Masako había tenido que presentar en la Universidad una monografía sobre Marcel Proust pero, en lo referente a cuestiones de esta naturaleza, la moderna educación recibida en la escuela no le hacía mella alguna.

-Sí, señorita -contestó Mina, de quien no podía saberse si había comprendido o no.

-Como tienes que venir de todos modos, también puedes formular un deseo. ¿Has pensado en algo?

-Sí, señorita -y una sonrisa se extendió lentamente por su rostro.

-¡Bueno, bueno, parece que reacciona como todo el mundo! -comentó Kanako.

En aquel momento apareció Koyumi, palmeándose alegremente el estómago:

-Ya estoy lista -anunció.

-¿Has elegido buenos puentes? -preguntó Masako.

-Comenzaremos con el puente Miyoshi. Como pasa sobre dos ríos, ¡cuenta como dos puentes! ¿No es cierto que eso facilita las cosas? Si se me permite decirlo, apuntaré que esta elección significa una gran muestra de inteligencia de mi parte.

Sabiendo que una vez afuera ya no podrían pronunciar una sola palabra, las tres mujeres comenzaron a hablar en voz alta y todas al mismo tiempo como para desquitarse del obligatorio silencio que luego deberían guardar. La conversación prosiguió hasta llegar a la puerta de la cocina. Las Geta de laca negra de Masako la esperaban sobre el piso de tierra junto a la puerta, y mientras deslizaba sus pies desnudos en ellas, las uñas esmaltadas de sus dedos brillaron suavemente en la oscuridad.

-¡Esto sí que es elegancia! ¡Esmalte de uñas y geta negras! ¡Ni la Luna podrá resistirlo! -exclamó Koyumi.

Las cuatro mujeres, guiadas por Koyumi, salieron a la avenida Showa. Pasaron frente a una playa de estacionamiento donde gran cantidad de taxis, ya finalizado el trabajo del día, reflejaban la luna en sus negras carrocerías. Se escuchaba el rumor de los insectos alojados bajo los autos. El tráfico era aún denso en la Avenida Showa, pero la calle ya estaba dormida y el rugido de las motocicletas resonaba tristemente solitario sin el habitual acompañamiento de ruidos callejeros.

Algunas pequeñas nubes cruzaban el cielo iluminado por la Luna. Apenas rozaban el gran banco de nubarrones que se cernía en el horizonte. La luna brillaba limpiamente.

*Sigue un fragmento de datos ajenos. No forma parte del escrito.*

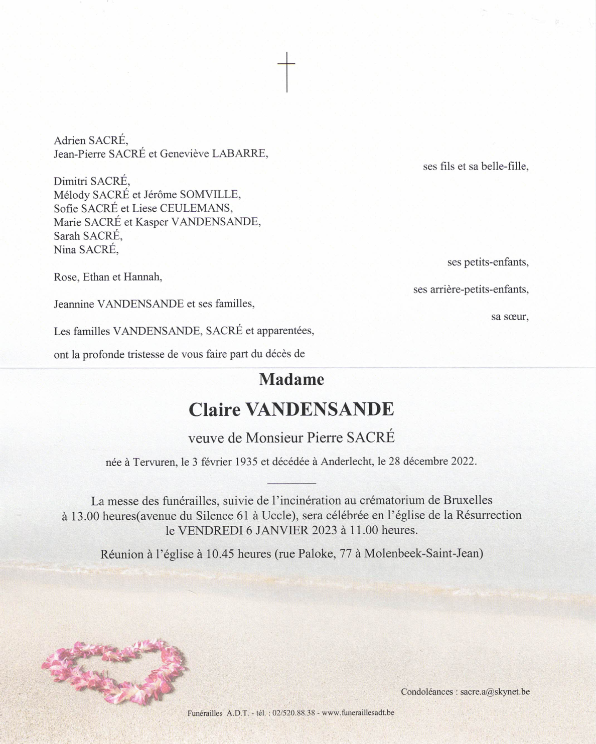 Décédée à Anderlecht (1070) le mercredi 28 décembre 2022 à l'âge de 87 ans

Cuando se silenciaba el rumor del tráfico, el repiquetear de las geta sobre la calzada parecía repercutir directamente en la superficie azul del cielo.

A Koyumi, que caminaba al frente, le agradaba ver ante sus ojos la ancha calle desierta. Se jactaba de no tener que depender de nadie y estaba contenta porque tenía el estómago lleno. Mientras caminaba alegremente le costaba vislumbrar la razón por la cual ansiaba más dinero. Sentía como si su verdadero deseo fuera fundirse suave e involuntariamente en la luz de la luna que bañaba el pavimento. Fragmentos de vidrio brillaban aquí y allá. Hasta el vidrio podía resplandecer bajo la luz de la luna... Reflexionó y se dijo que, quizás, su deseo tan largamente acariciado era como aquel vidrio roto.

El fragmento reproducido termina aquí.